= About this exercise =
Transcribe each record word for word. Skip the images.

= Record extracts =

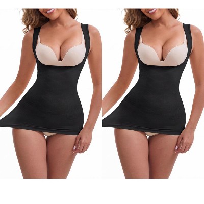 INSPIRE CHIC Women's Square Neck U-Back Unpadded Wide Straps Shaper Tank Top Tummy Control Push-Up Slimming Waist Vest 2 Packs
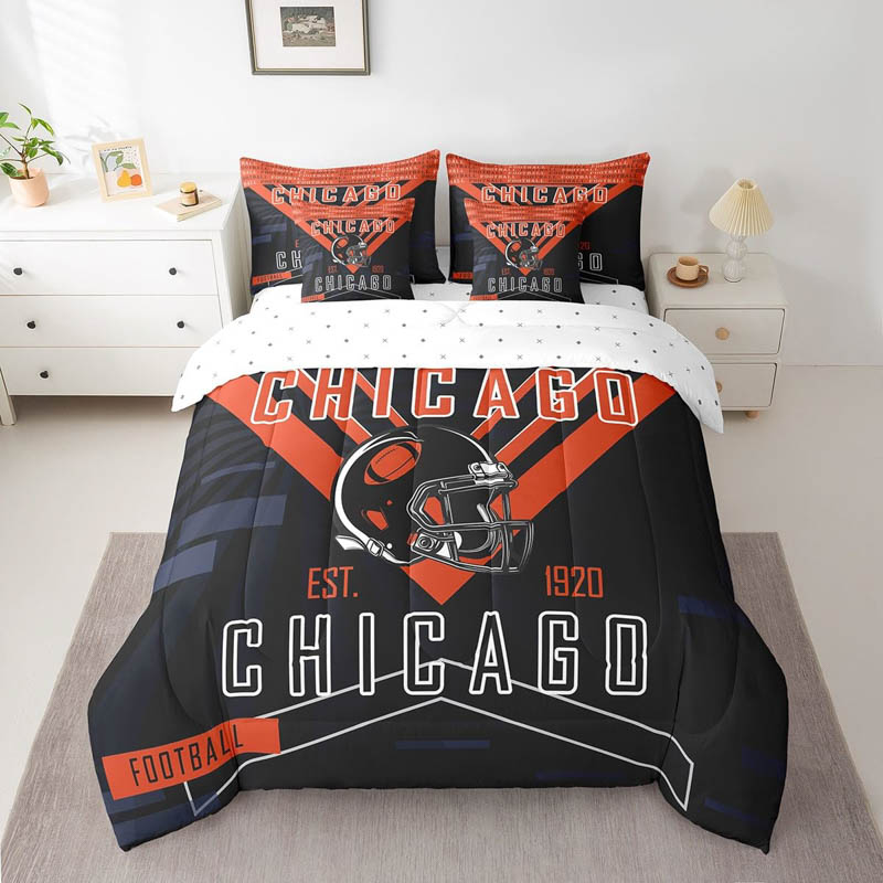 The chicago bears bed set quilt set quilt bedroom bedding sets is a durable and soft bedding set made from breathable polyester microfiber. Designed for all seasons, the chicago bears bed set quilt set quilt bedroom bedding sets offers lightweight warmth and comfort. The chicago bears bed set quilt set quilt bedroom bedding sets includes a zipper closure for easy care and lasting convenience.
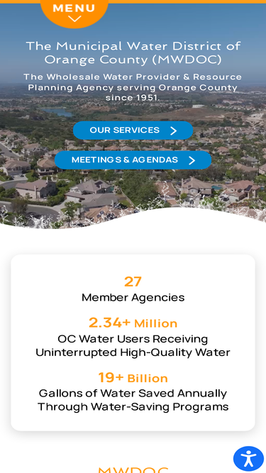 The Municipal Water District of Orange County (MWDOC) is a wholesale water supplier and resource planning agency serving the Orange County area.
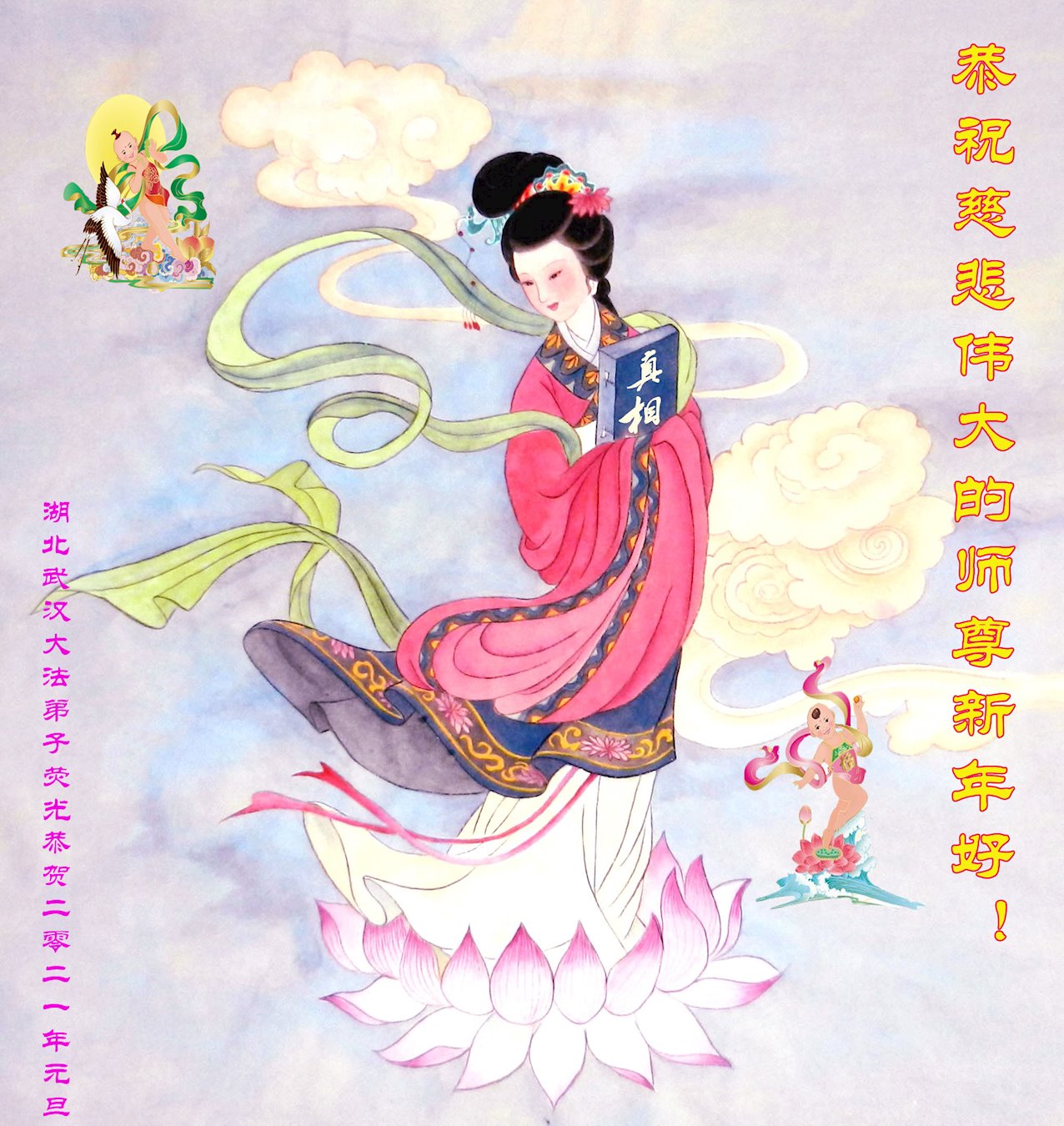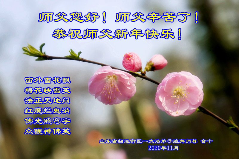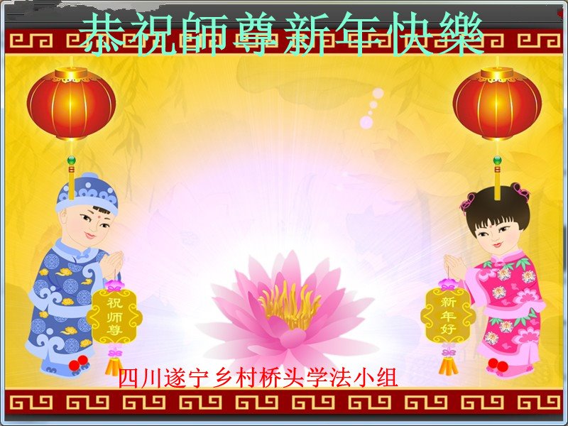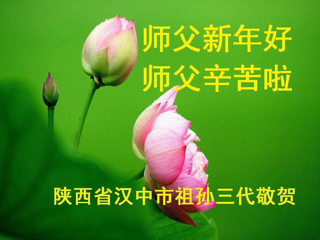 在新的一年,我们要形成整体,向内找,互相配合,修自己,多救人,跟师父回家。弟子叩拜师父!
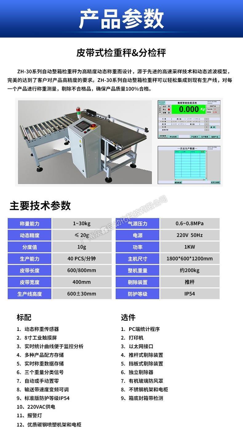 ZH-30系列自動(dòng)整箱檢重秤為高精度動(dòng)態(tài)稱重而設(shè)計(jì),源于先進(jìn)的高速采樣技術(shù)和動(dòng)態(tài)濾波模型、完美的達(dá)到了客戶對(duì)產(chǎn)品高精度的要求。ZH-30系列自動(dòng)整箱檢重秤可以輕松集成到現(xiàn)有生產(chǎn)線,對(duì)每一個(gè)產(chǎn)品進(jìn)行稱重測(cè)量,剔除不合格品,確保產(chǎn)品質(zhì)量100%合格。
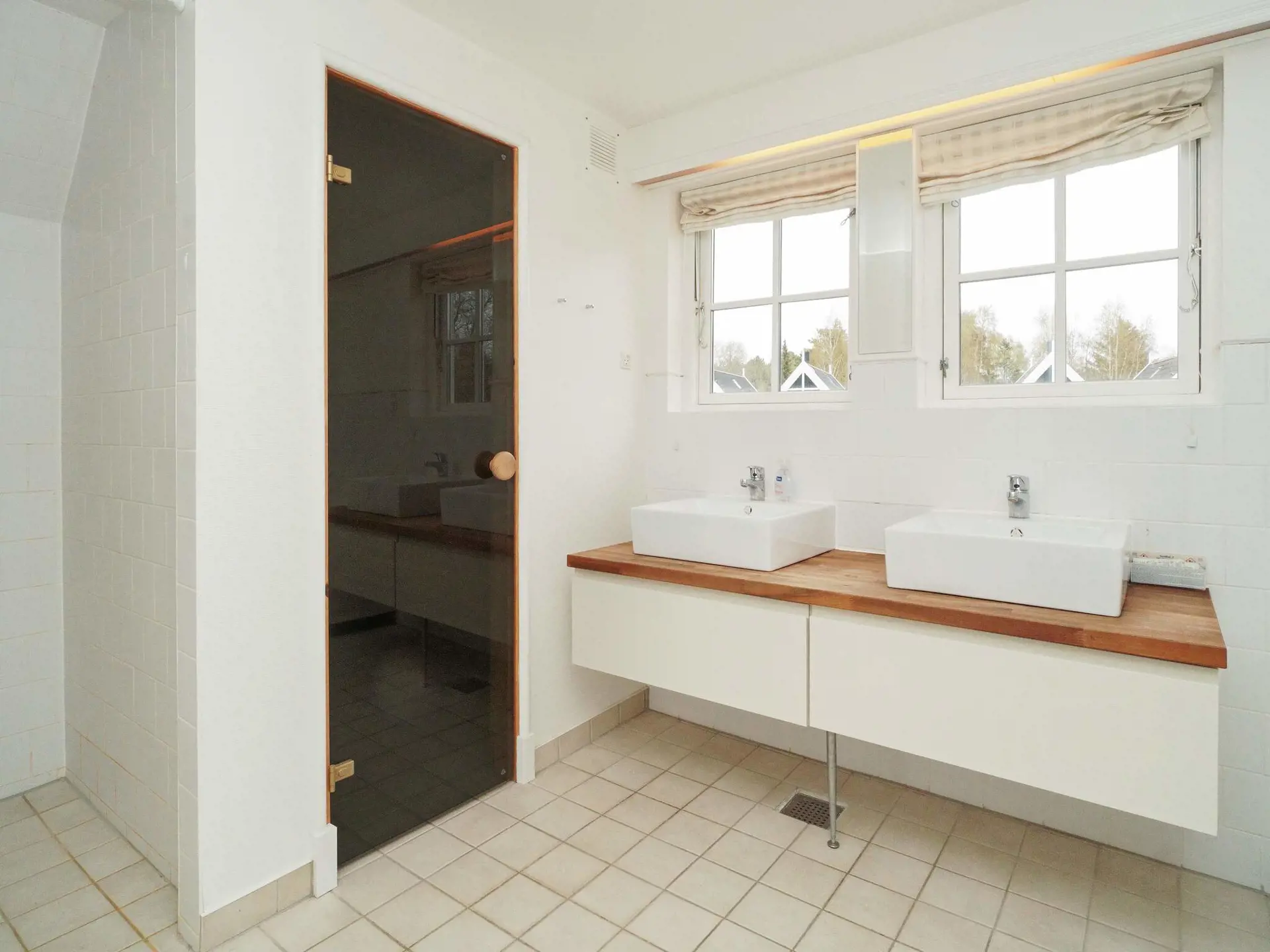 Im Parterre des Reihenhauses haben Sie vom offenen Ess-/Wohnbereich Zugang zur Terrasse sowie zu den gemeinschaftlichen Grünflächen mit Blick zum Pool. Das Haus verfügt über zwei Badezimmer, eines auf jeder Etage. Oben im größeren Bad sind auch Whirlpool und Sauna untergebracht.
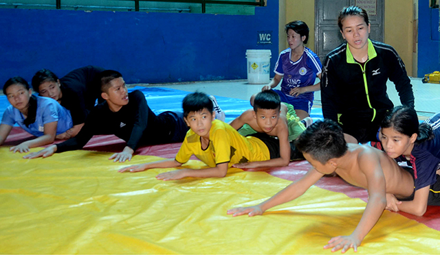Ngay khi trở về từ ASIAD 18, Mỹ Hạnh (áo đen) lập tức bắt tay vào tập luyện và hướng dẫn cho các VĐV đàn em

= Task answer =
 INSPIRE CHIC Women's Square Neck U-Back Unpadded Wide Straps Shaper Tank Top Tummy Control Push-Up Slimming Waist Vest 2 Packs
 The chicago bears bed set quilt set quilt bedroom bedding sets is a durable and soft bedding set made from breathable polyester microfiber. Designed for all seasons, the chicago bears bed set quilt set quilt bedroom bedding sets offers lightweight warmth and comfort. The chicago bears bed set quilt set quilt bedroom bedding sets includes a zipper closure for easy care and lasting convenience.
 The Municipal Water District of Orange County (MWDOC) is a wholesale water supplier and resource planning agency serving the Orange County area.
 在新的一年,我们要形成整体,向内找,互相配合,修自己,多救人,跟师父回家。弟子叩拜师父!
 ZH-30系列自動(dòng)整箱檢重秤為高精度動(dòng)態(tài)稱重而設(shè)計(jì),源于先進(jìn)的高速采樣技術(shù)和動(dòng)態(tài)濾波模型、完美的達(dá)到了客戶對(duì)產(chǎn)品高精度的要求。ZH-30系列自動(dòng)整箱檢重秤可以輕松集成到現(xiàn)有生產(chǎn)線,對(duì)每一個(gè)產(chǎn)品進(jìn)行稱重測(cè)量,剔除不合格品,確保產(chǎn)品質(zhì)量100%合格。
 Im Parterre des Reihenhauses haben Sie vom offenen Ess-/Wohnbereich Zugang zur Terrasse sowie zu den gemeinschaftlichen Grünflächen mit Blick zum Pool. Das Haus verfügt über zwei Badezimmer, eines auf jeder Etage. Oben im größeren Bad sind auch Whirlpool und Sauna untergebracht.
Ngay khi trở về từ ASIAD 18, Mỹ Hạnh (áo đen) lập tức bắt tay vào tập luyện và hướng dẫn cho các VĐV đàn em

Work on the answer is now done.